WORK TO BE COMPLETED => Without the pictures, give the entries below again exactly as written.

DATA RECORDS =>
═══

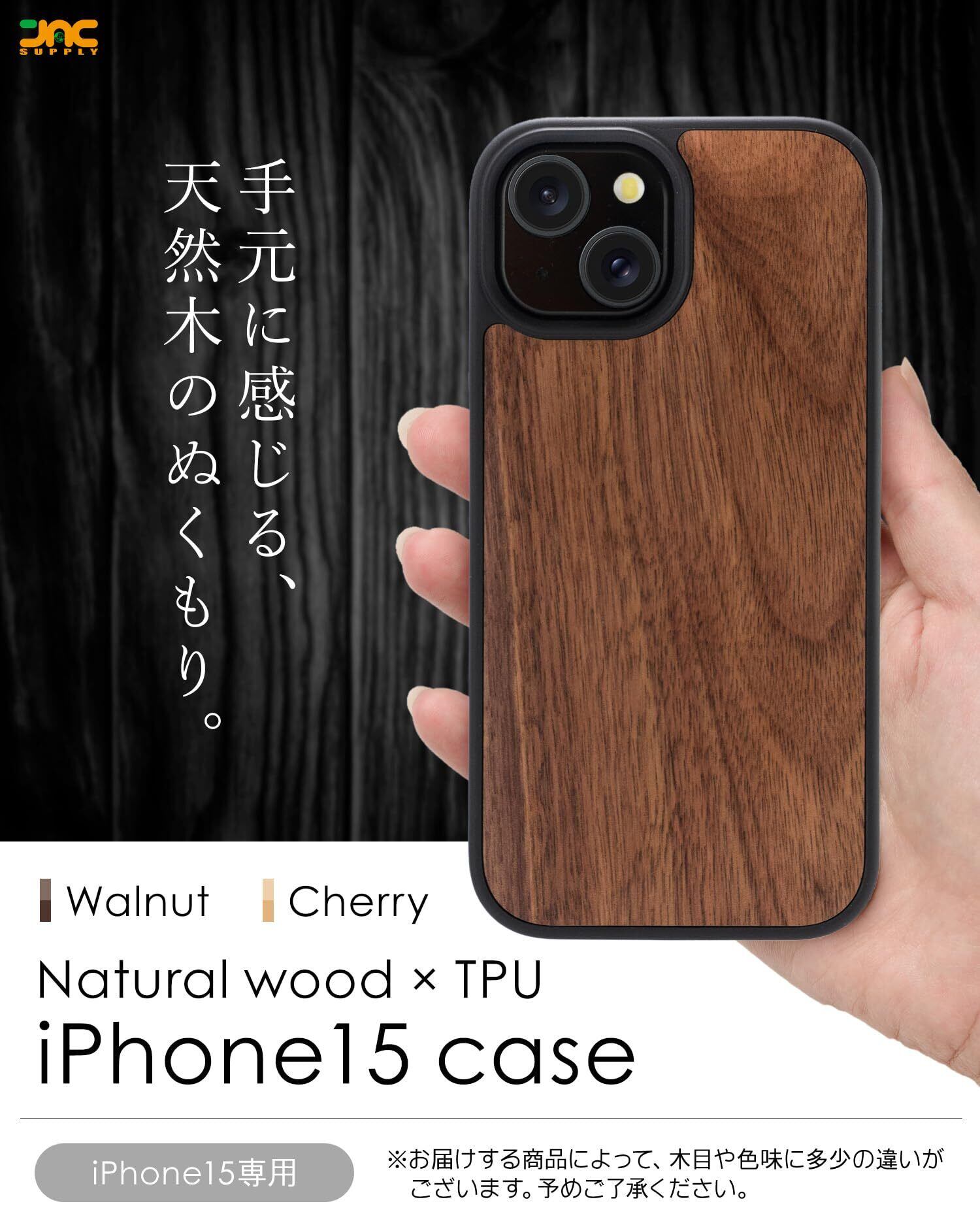 【JAC】 iphone15ケース ウッド 北欧風天然木 お洒落 アイフォン15ケース 高級 耐衝撃 ワイヤレス充電対応 日本企画品 (iphone15 ウォルナット)
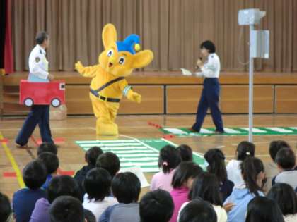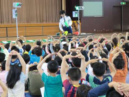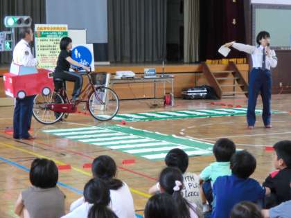 5月7日、北沢警察署の皆さんのご協力により、交通安全教室が行われました。低学年の部(1〜3年生)には、警察官の皆さんのほかに、ピーポくんも登場です。楽しく交通安全について学ぶことができました。高学年の部(4〜6年生)では、自転車の安全な乗り方を教えていただきました。「青信号・・・右見て、左見て、右見て」自分の目でしっかり安全確認をすることの大切さを学びました。そして、自動車の運転手さんの目を見て、アイコンタクトをとることが、事故の未然防止につながることも知りました。最後に、今日、ご指導いただいたお巡りさんが作詞・作曲した「やさしい道」をみんなで歌いました。
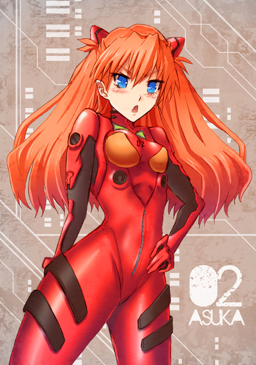 :o1girlangryarm behind backblue eyesblushbodysuitbracerbreastscharacter namecowboy shotfemale focusglovesgrey backgroundhair between eyeshair ornamenthand on own hiphip focuslegs apartlong hairlooking at viewermecha pilot suitnarrow waistorange hairplugsuit (evangelion)small breastssolothighstriangle mouthturtlenecktwo side upv-shaped eyebrowszipper
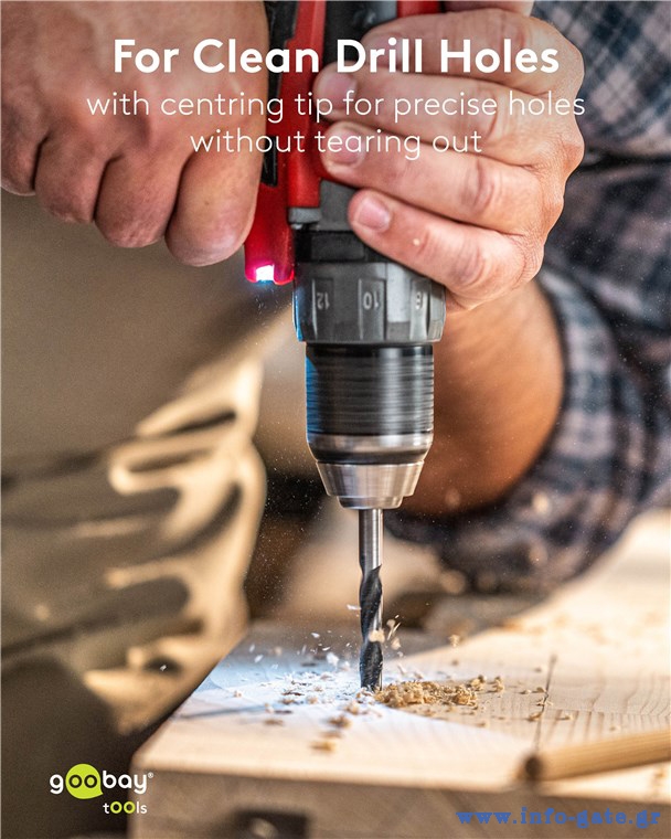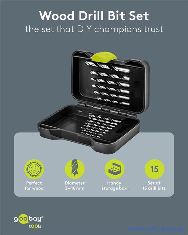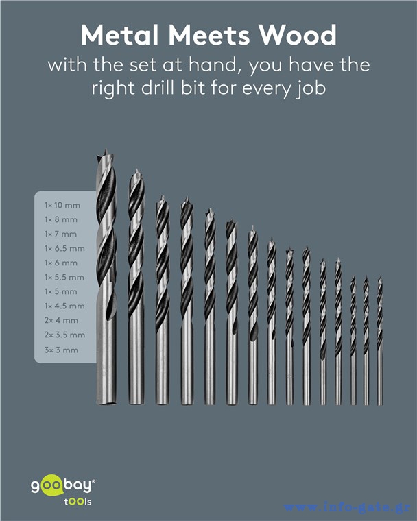 Σετ τρυπάνια της Goobay που αποτελείται από 15 τρυπάνια σε διαφορετικά μεγέθη, κατάλληλα για χρήση σε ξύλινες επιφάνειες.
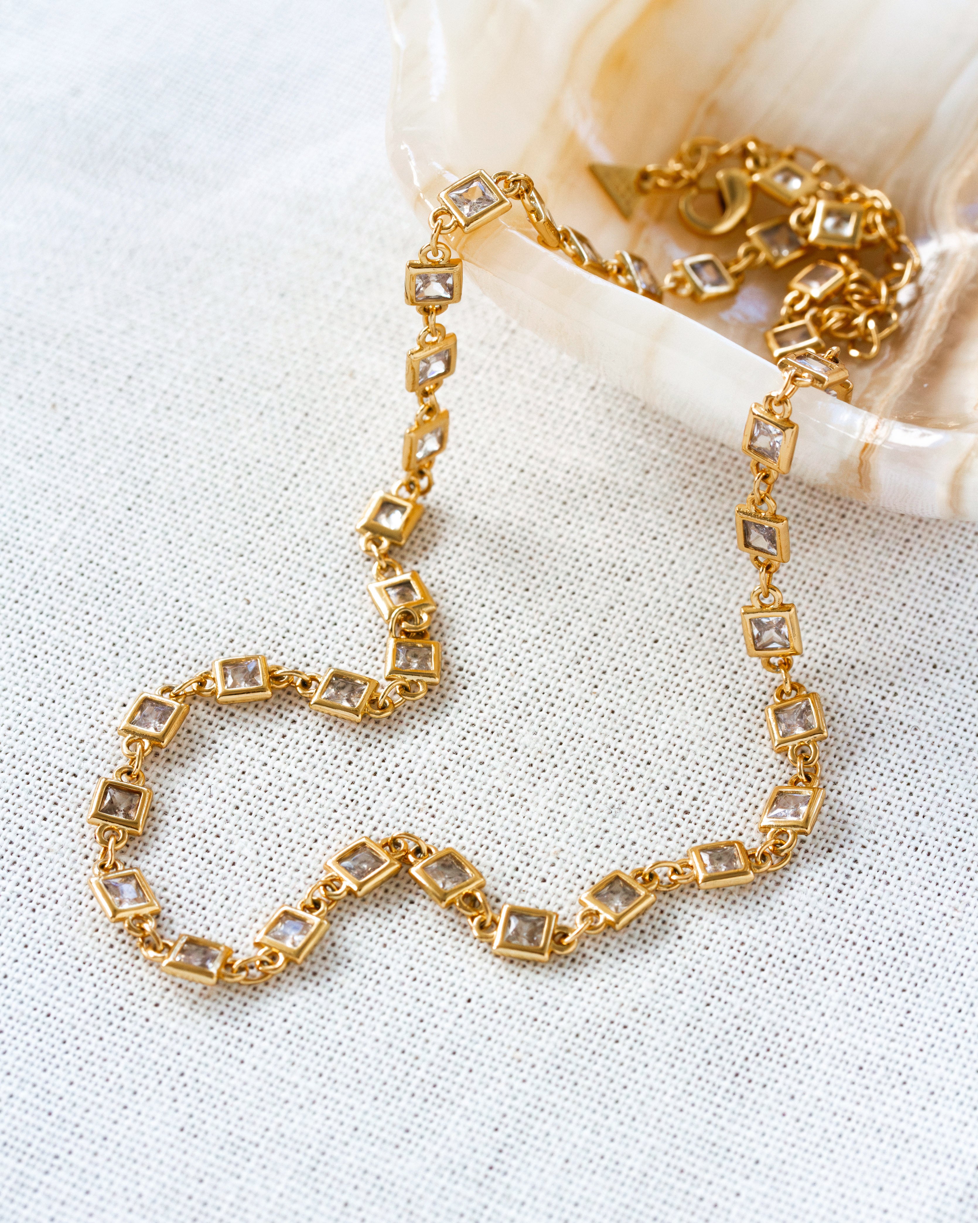 Grid Spectrum CZ Collar Chain Layering Necklace
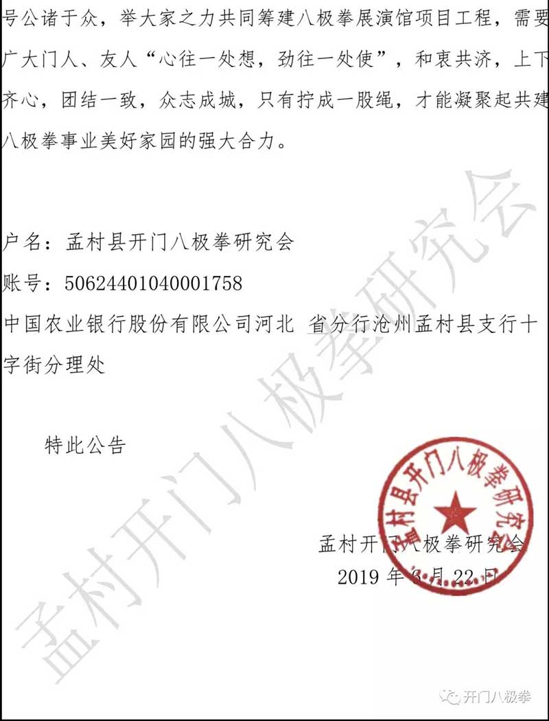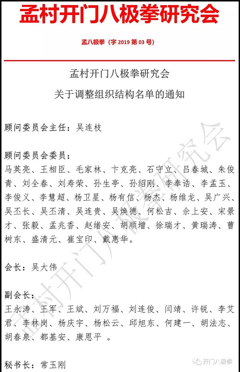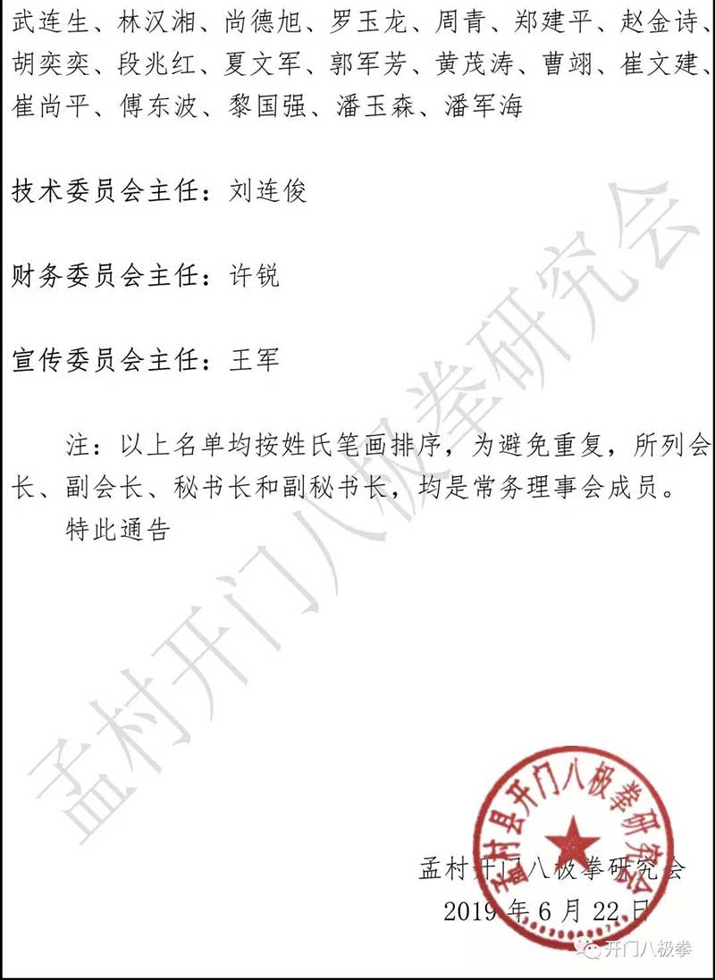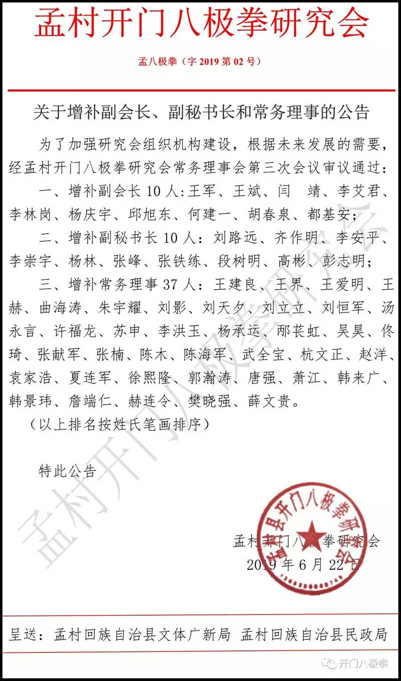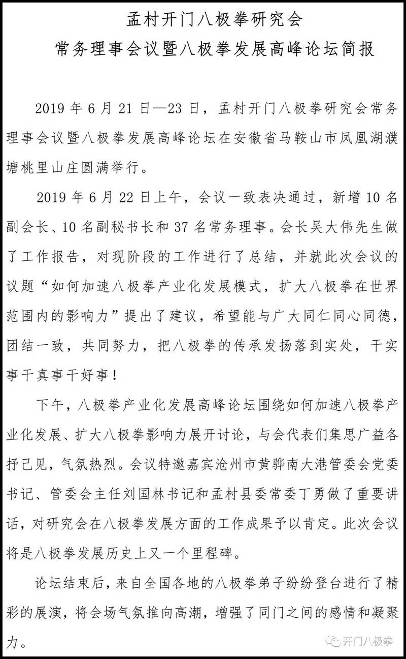 《孟村开门八极拳研究会常务理事会议决议》2019年6月22日!
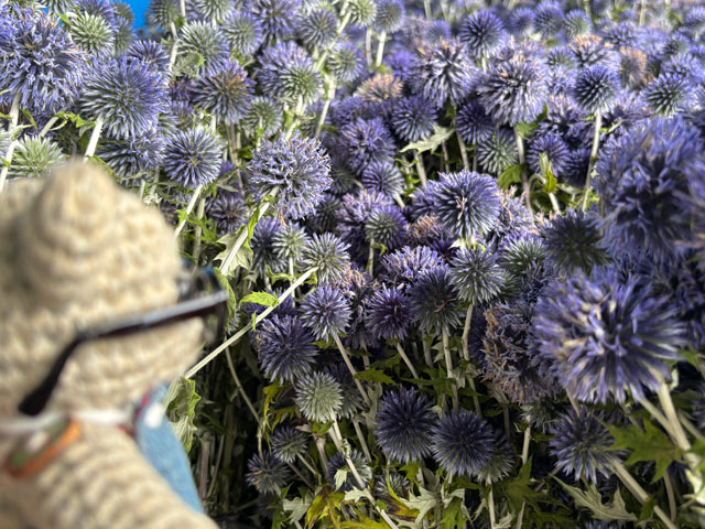 特徴的なチクチクしたとげのようなものはルリ玉のつぼみなのですが、花が咲いてしまうと商品にならないので収穫のタイミングがとてもシビアです。
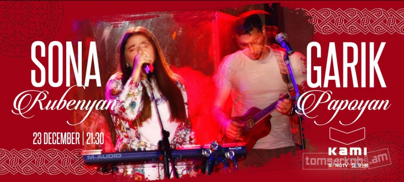 Դեկտեմբերի 23-ին ձմեռային տրամադրությամբ հանդիպում ենք KAMI Music Club-ում Գարիկ Պապոյանի և Սոնա Ռուբենյանի սպասված ու շատ սիրված համերգին՝ լսելու կենդանի երաժշտություն ու վայելելու հրաշք մթնոլորտը քաղաքի լավագույն ակումբում:
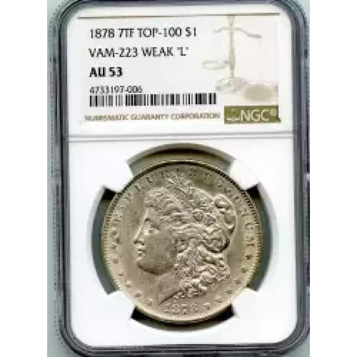 513361 | 1878-AU-55 Morgan Silver Dollar NGC AU-55 | NGC | AU-55 | Sold: 20/10/2019 | $1,900 |

═══

RESPONSE =>
 【JAC】 iphone15ケース ウッド 北欧風天然木 お洒落 アイフォン15ケース 高級 耐衝撃 ワイヤレス充電対応 日本企画品 (iphone15 ウォルナット)
 5月7日、北沢警察署の皆さんのご協力により、交通安全教室が行われました。低学年の部(1〜3年生)には、警察官の皆さんのほかに、ピーポくんも登場です。楽しく交通安全について学ぶことができました。高学年の部(4〜6年生)では、自転車の安全な乗り方を教えていただきました。「青信号・・・右見て、左見て、右見て」自分の目でしっかり安全確認をすることの大切さを学びました。そして、自動車の運転手さんの目を見て、アイコンタクトをとることが、事故の未然防止につながることも知りました。最後に、今日、ご指導いただいたお巡りさんが作詞・作曲した「やさしい道」をみんなで歌いました。
 :o1girlangryarm behind backblue eyesblushbodysuitbracerbreastscharacter namecowboy shotfemale focusglovesgrey backgroundhair between eyeshair ornamenthand on own hiphip focuslegs apartlong hairlooking at viewermecha pilot suitnarrow waistorange hairplugsuit (evangelion)small breastssolothighstriangle mouthturtlenecktwo side upv-shaped eyebrowszipper
 Σετ τρυπάνια της Goobay που αποτελείται από 15 τρυπάνια σε διαφορετικά μεγέθη, κατάλληλα για χρήση σε ξύλινες επιφάνειες.
 Grid Spectrum CZ Collar Chain Layering Necklace
 《孟村开门八极拳研究会常务理事会议决议》2019年6月22日!
 特徴的なチクチクしたとげのようなものはルリ玉のつぼみなのですが、花が咲いてしまうと商品にならないので収穫のタイミングがとてもシビアです。
 Դեկտեմբերի 23-ին ձմեռային տրամադրությամբ հանդիպում ենք KAMI Music Club-ում Գարիկ Պապոյանի և Սոնա Ռուբենյանի սպասված ու շատ սիրված համերգին՝ լսելու կենդանի երաժշտություն ու վայելելու հրաշք մթնոլորտը քաղաքի լավագույն ակումբում:
 513361 | 1878-AU-55 Morgan Silver Dollar NGC AU-55 | NGC | AU-55 | Sold: 20/10/2019 | $1,900 |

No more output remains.